The primary movers are glutes, hams and quads.


----------



## pebble (Oct 22, 2011)

physics.  Where is the fulcrum?  Hips.  

It is a posterior chain movement with the primary movers being hamstring  and glutes. The quads do help with the first phase of the lift (which is why some people -dos Remodiso -consider it to be a knee dominate movement) but the movement is still focused on driving the hips forward.  Everything else is stabilizing the load via the limbs and  torso (where the back comes into play). This exercise should be on leg  day.  It is not as if you do barbell bench press on "shoulder" day  despite that fact that a majority of pressers in the gym get more  stimulus at the anterior delts than pecs.  

This is one of the major problems of splitting the body up into many  parts instead of movement patterns.  We start to work against our  natural (and optimal) neuromuscular/biomechanical patterns.


----------



## theCaptn' (Oct 22, 2011)

You recommend squats and deads on the same day?


----------



## Cork (Oct 23, 2011)

To jump in on the thread here, the OP works out legs twice a week.  His situation is ideal for utilizing squats on one day and deads on the other.

And yes, IMO, it's okay to squat and dead in one session.  Why wouldn't it be?


----------



## dsc123 (Oct 23, 2011)

Yes Deadlifts, if done correctly mainly hit the hamstrings, glutes and quads. but it also works lower back, abs, shoulders and chest...i personally do stifflegged deads on back and leg day.


----------



## GMO (Oct 23, 2011)

Traditional Deads - Back day

Straight-legged Deads - Leg day

That's how I roll anyway...


----------



## Ted Shred (Oct 23, 2011)

Even though there's differing opinions, and maybe even because of it, this is all good info - thanks.  From all this, and given my current routine, I think what I'm going to do, well... once I get my DL form down and can start crankin' the intensity, is cut back my squats to once/week and do DL's on the following leg day followed by leg press instead of squats.  So Wed. legs will be squats and Sunday will be DLs/ L. Press.

I have some form issues to work on (I do the traditional DLs and gotta keep my damn back straight!) but man I'm lovin' the whole DL thing.  It just feels so freakin' athletic!  The stance, the grip... I dunno even know how to quite explain it.  What really struck me yesterday (first time ever doing DLs, mind you) was how, even though I wasn't maxing out during sets so wasn't really in any kind of distress (the good kind) like I strive for with my last few reps of a squat set, after each DL set it was like my whole body was taxed.

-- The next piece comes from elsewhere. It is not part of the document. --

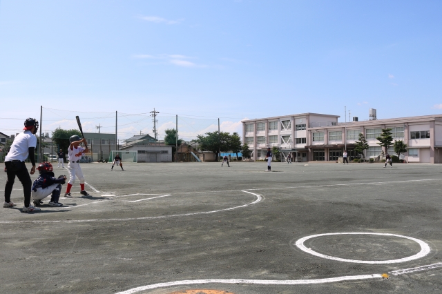 午後からは浅井南小学校へ移動し、浅井少年野球クラブさんとBチームの練習試合。

I wasn't expecting that, considering I was more just getting used to the movement than anything else.  I have a feeling that once I can do these things properly they're going to be a cornerstone of my workout on par with squats.

edit: actually, cuzza my bad DL form yesterday, I think I might substitute leg press for squats this afternoon.... it's nothin' major but I'm definitely feeling it in my lower back this morning.


----------



## Gazhole (Oct 23, 2011)

MDR said:


> I don't like squatting and deadlifting on the same day, so I just have a squat day and a deadlift day.  People will debate all day when deadlift fits.  Personally, I think it deserves it's own day.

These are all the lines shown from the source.